◆ Task to complete ◆
The answer is to be the data that follows, transcribed exactly, minus its pictures.

◆ Information provided ◆
==*==
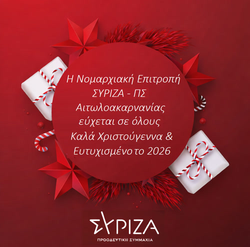 Σας ευχόμαστε Καλά Χριστούγεννα με υγεία, ζεστασιά και αγάπη και το 2026 να είναι μια χρονιά ελπίδας, προόδου και κοινωνικών νικών.
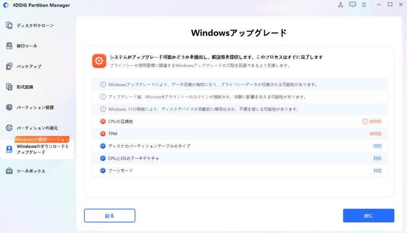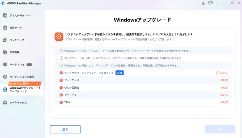 ↑HDDやSSDの形式をGPT形式にしたり、対処法が何点か表示されるので改善したら【次に】をクリックしてWindows11にアップデートできます。
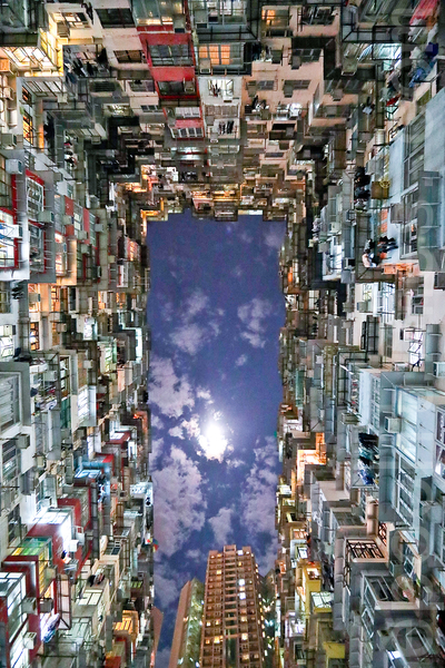 夜幕降临,明月高升。点点灯火骤起,仿如狮子山下万家灯火,别具另一片景色。其稠密的高楼题材,营造出震撼而又神秘的东方韵味,令人每一瞬间都想用相机的快门好好记录下来。也吸引荷里活的大师们纷纷来此取景。
==*==
◆ Response ◆
 Σας ευχόμαστε Καλά Χριστούγεννα με υγεία, ζεστασιά και αγάπη και το 2026 να είναι μια χρονιά ελπίδας, προόδου και κοινωνικών νικών.
 ↑HDDやSSDの形式をGPT形式にしたり、対処法が何点か表示されるので改善したら【次に】をクリックしてWindows11にアップデートできます。
 夜幕降临,明月高升。点点灯火骤起,仿如狮子山下万家灯火,别具另一片景色。其稠密的高楼题材,营造出震撼而又神秘的东方韵味,令人每一瞬间都想用相机的快门好好记录下来。也吸引荷里活的大师们纷纷来此取景。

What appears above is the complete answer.